» Task statement: Look in the data below for the line that has "Smaller size drop", then print exactly every line from there through the line that has "본건은 인천광역시 중구 중산동 1902-8 삼성탑주택및근린상가1동", leaving pictures out.

» Exercise data:
= Beginning of Section =
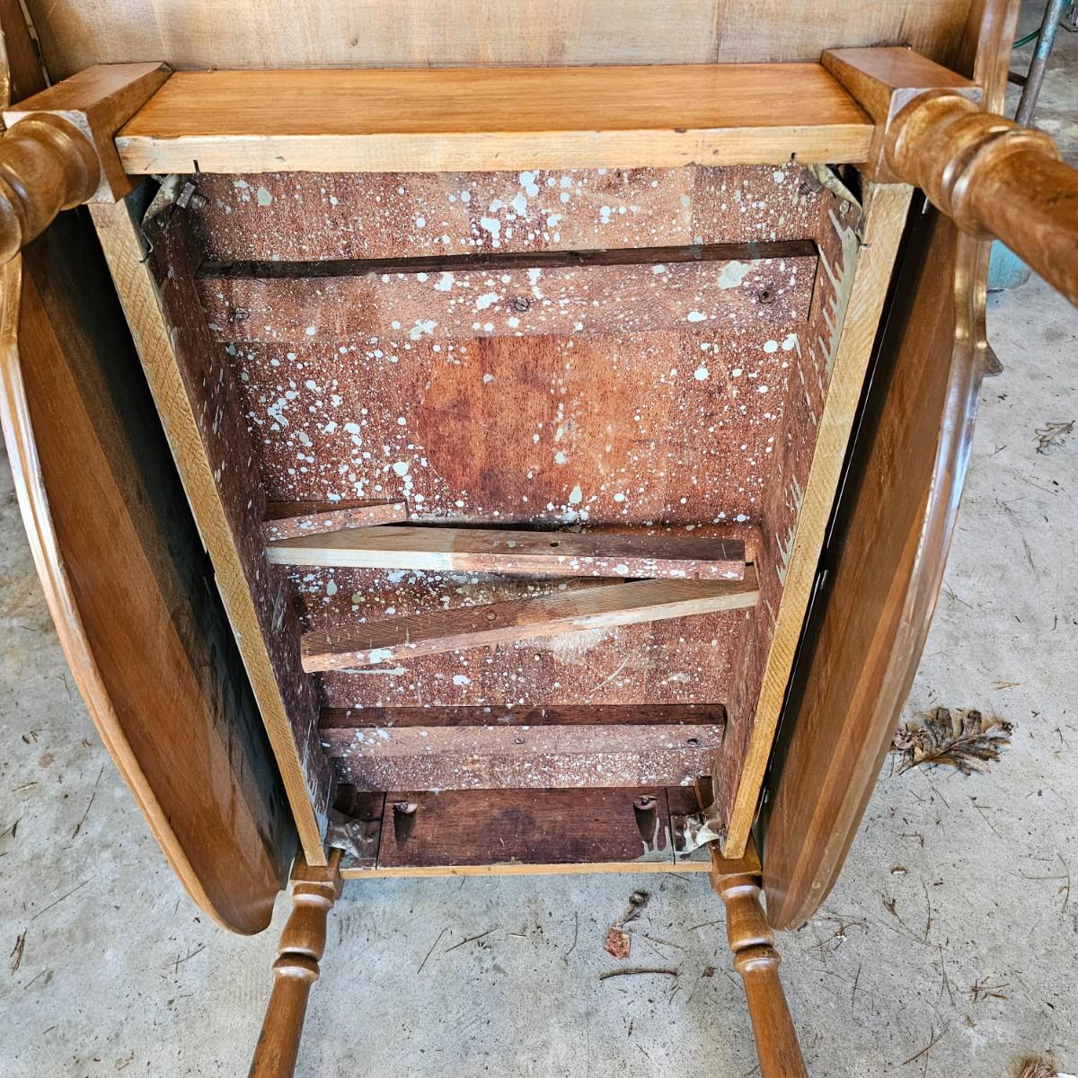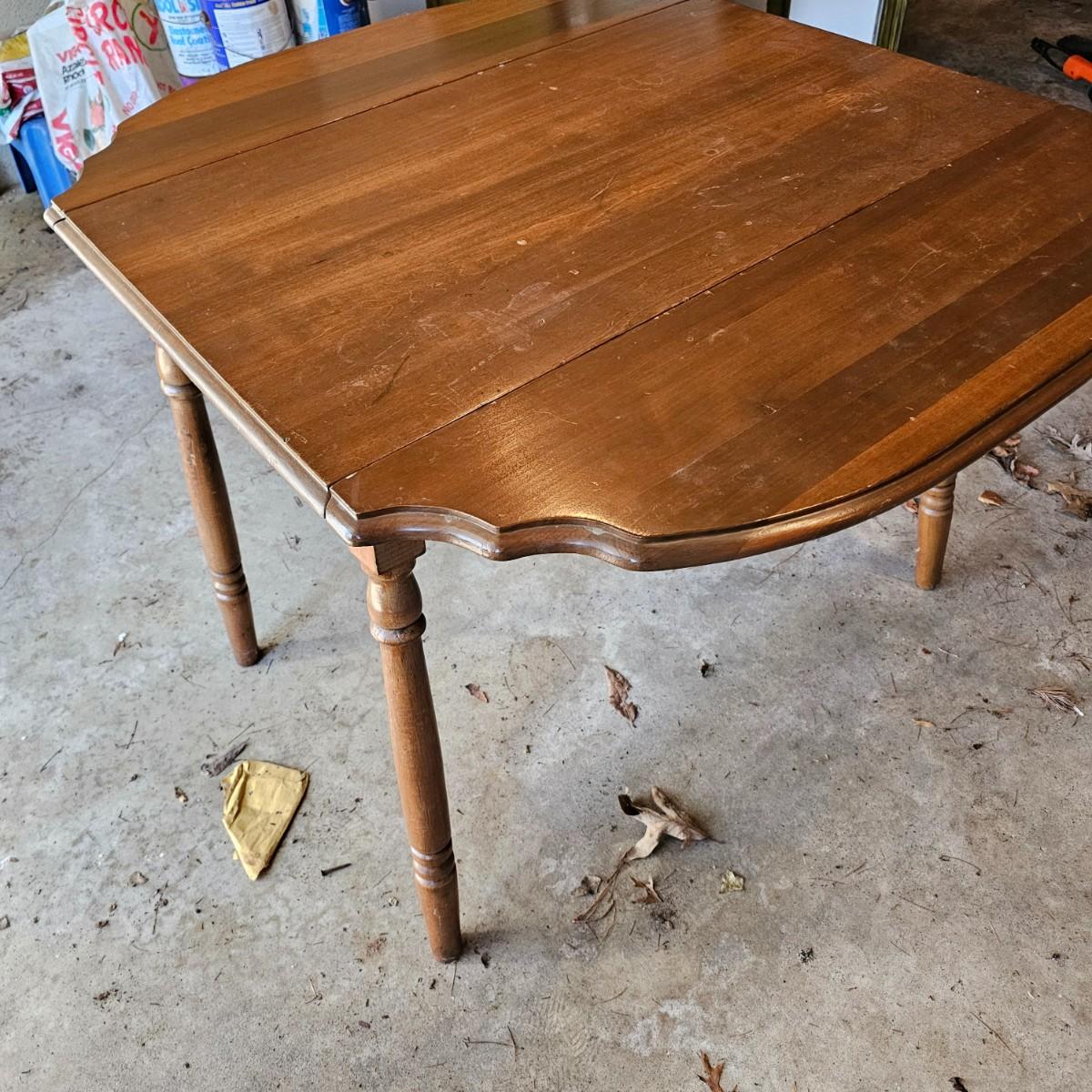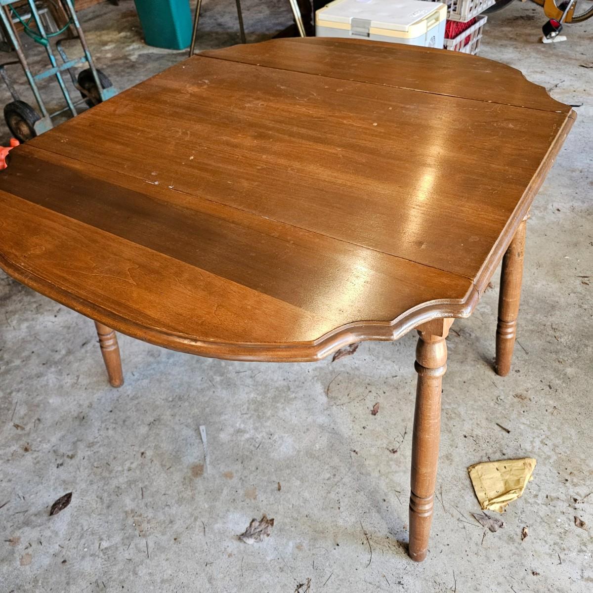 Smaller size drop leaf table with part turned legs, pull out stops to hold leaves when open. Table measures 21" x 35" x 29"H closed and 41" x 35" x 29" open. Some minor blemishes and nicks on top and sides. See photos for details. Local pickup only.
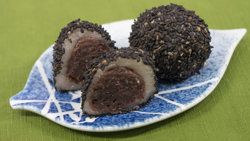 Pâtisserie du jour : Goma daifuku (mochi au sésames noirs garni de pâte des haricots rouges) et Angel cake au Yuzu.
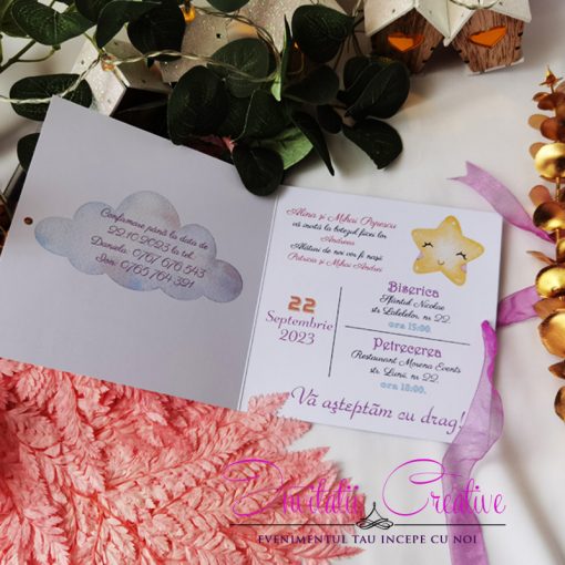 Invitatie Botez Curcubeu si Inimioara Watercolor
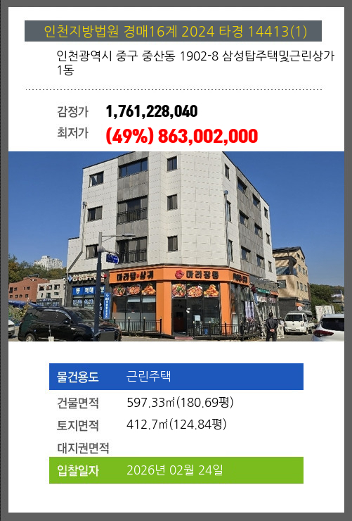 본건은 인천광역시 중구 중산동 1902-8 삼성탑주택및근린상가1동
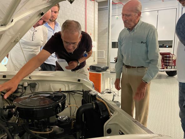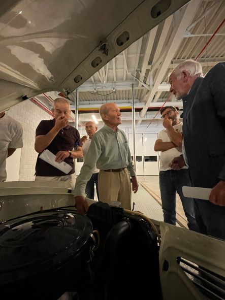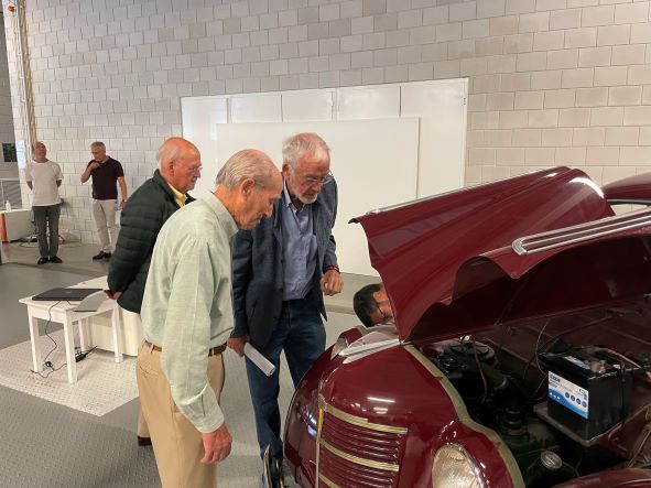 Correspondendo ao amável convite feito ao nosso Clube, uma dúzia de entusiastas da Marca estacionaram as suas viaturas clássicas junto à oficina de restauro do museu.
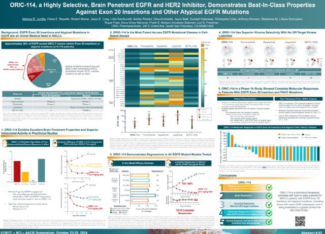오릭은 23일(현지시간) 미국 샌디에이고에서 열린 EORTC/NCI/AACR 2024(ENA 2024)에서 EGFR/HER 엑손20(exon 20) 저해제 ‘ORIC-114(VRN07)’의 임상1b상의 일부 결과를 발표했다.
= End of Section =
= Beginning of Section =
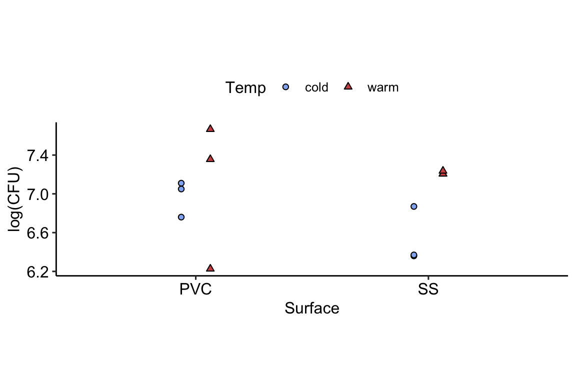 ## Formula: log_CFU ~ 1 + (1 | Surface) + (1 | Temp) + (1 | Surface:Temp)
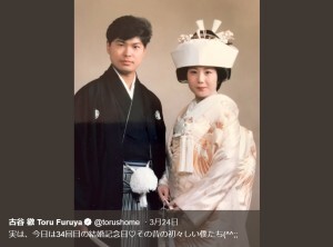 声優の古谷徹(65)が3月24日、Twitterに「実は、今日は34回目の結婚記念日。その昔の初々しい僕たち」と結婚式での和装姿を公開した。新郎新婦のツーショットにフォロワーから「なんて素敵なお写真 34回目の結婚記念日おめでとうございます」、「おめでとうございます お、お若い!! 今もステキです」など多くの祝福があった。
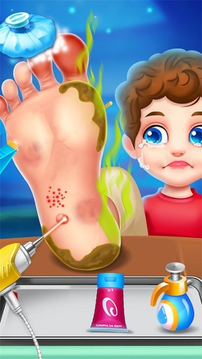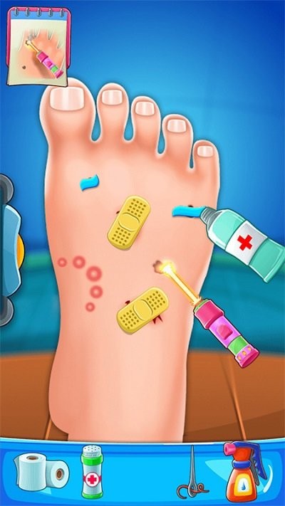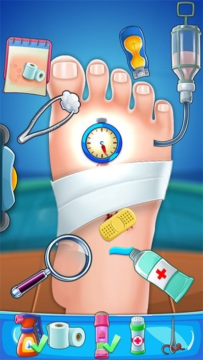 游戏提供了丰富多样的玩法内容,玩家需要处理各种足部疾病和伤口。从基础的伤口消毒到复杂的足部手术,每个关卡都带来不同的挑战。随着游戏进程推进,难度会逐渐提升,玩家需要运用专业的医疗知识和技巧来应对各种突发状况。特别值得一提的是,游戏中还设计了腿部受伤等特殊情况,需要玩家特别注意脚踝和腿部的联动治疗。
= End of Section =
» Task solution:
 Smaller size drop leaf table with part turned legs, pull out stops to hold leaves when open. Table measures 21" x 35" x 29"H closed and 41" x 35" x 29" open. Some minor blemishes and nicks on top and sides. See photos for details. Local pickup only.
 Pâtisserie du jour : Goma daifuku (mochi au sésames noirs garni de pâte des haricots rouges) et Angel cake au Yuzu.
 Invitatie Botez Curcubeu si Inimioara Watercolor
 본건은 인천광역시 중구 중산동 1902-8 삼성탑주택및근린상가1동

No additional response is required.